This is such a handy meal to make. It’s quick and easy and filling. Great for cold winter’s nights. You can use any kind of mushrooms available and what you prefer. We have made our own gnocchi often, but we also keep remade packaged gnocchi on hand when there isn’t time to make gnocchi from scratch.
Serving Size: 4
- 1 onion, chopped
- 3 tablespoons cooking oil
- 2 pounds mixed mushrooms, we used button and oyster mushrooms
- 1 red bell pepper, de-seeded and chopped
- 1 can crushed tomatoes, (about 1&1/2 cups)
- 2 tablespoons tomato paste, ajvar or sriracha sauce
- Italian herbs
- 1/2 teaspoon ground coriander
- 2 pounds gnocchi
- chopped chives and parsley as garnish
- Clean the mushrooms by gently brushing them or using a paper towel. If the mushrooms are large, cut in half or quarters.
- Chop the onion.
- De-seed and chop the red bell pepper.
- Heat the oil in a large frying pan.
- Add the red bell pepper pieces to the oil and saute until the begin to soften.

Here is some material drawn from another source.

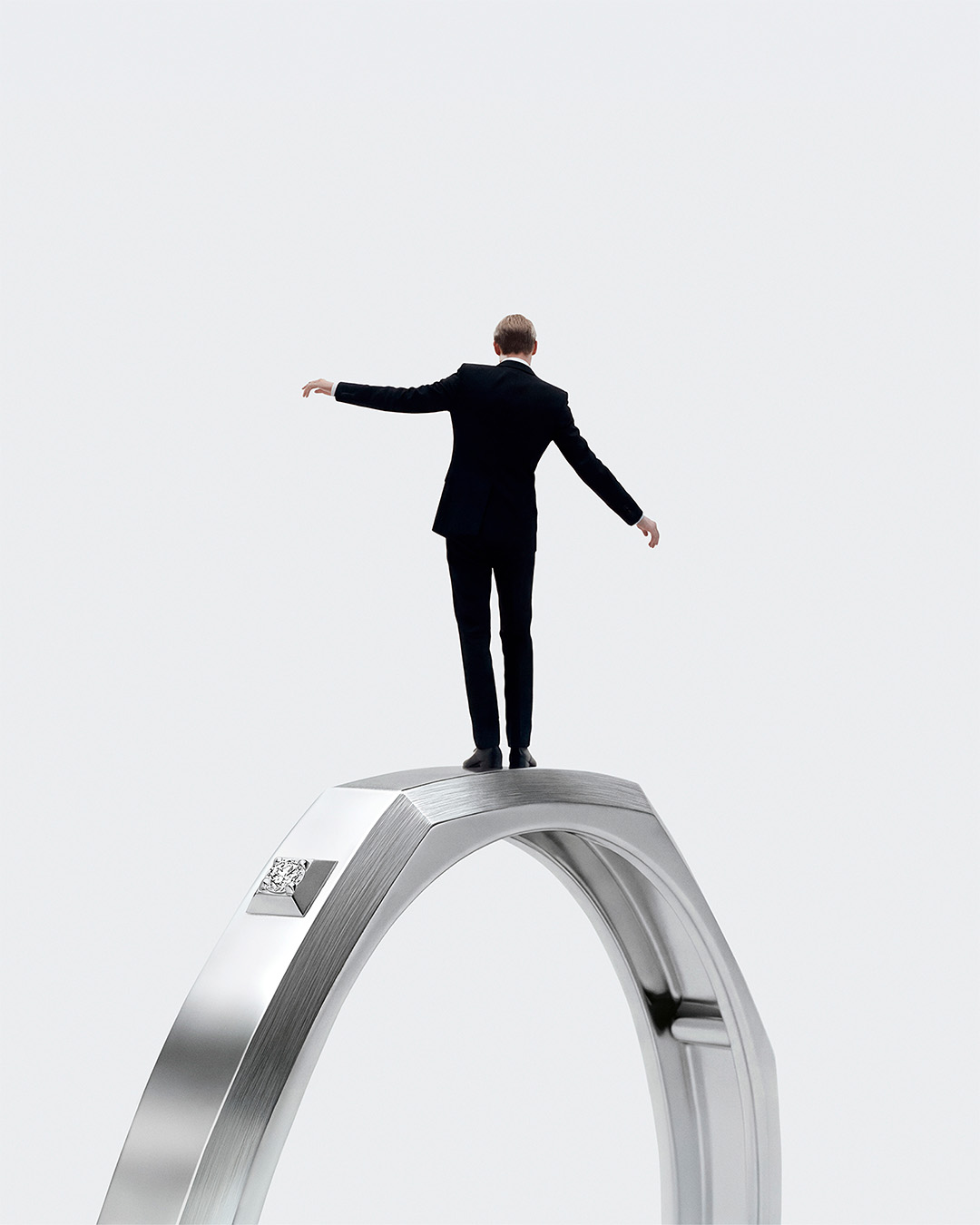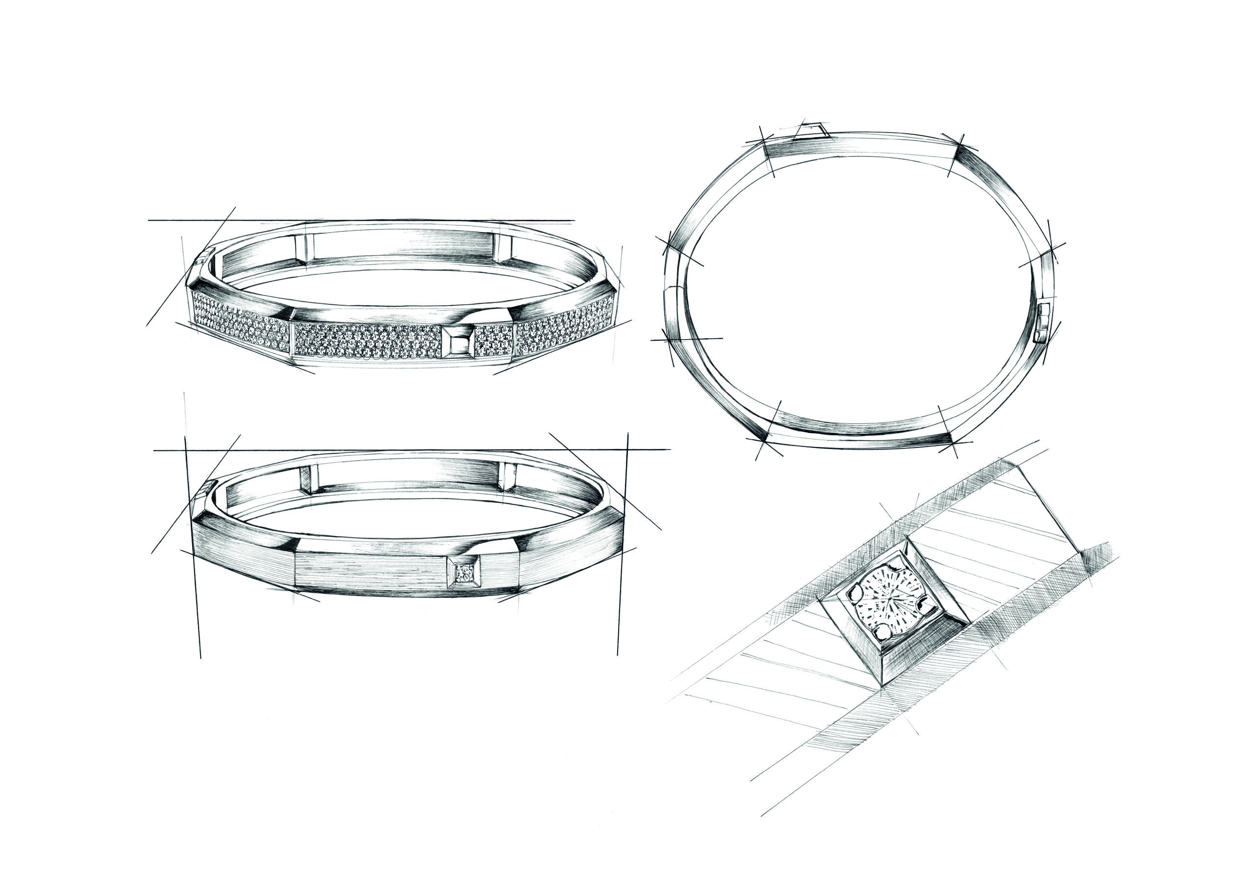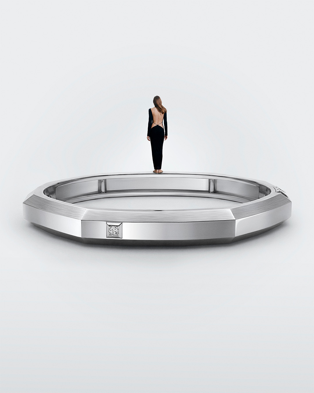 Gold steht im Zentrum, poliert oder gebürstet, manchmal diamantbesetzt. Doch die Diamanten verschwinden nicht – sie dialogisieren mit dem Metall, fangen das Licht ein und intensivieren es. Licht ist hier kein dekoratives Beiwerk, sondern strukturierendes Element. Es modelliert Kanten, Vertiefungen und Ebenen.

- Add the onion pieces to the red bell peppers and saute until glassy.
- Bring a large pot of lightly salted water to boil to cook the gnocchi.
- Add the mushrooms and cook until soft.
- Add the crushed tomatoes and mix gently.
- Add the tomato paste or ajvar or sriracha sauce.
- Season to taste with salt, pepper and the Italian seasonings.
- Add the gnocchi to the boiling water.
- Cook the gnocchi until the begin to float.
- Drain the water from the gnocchi.
- Chop the chives and parsley
- Serve the gnocchi with the mushroom ragu on top and garnished with some chopped chives and parsley.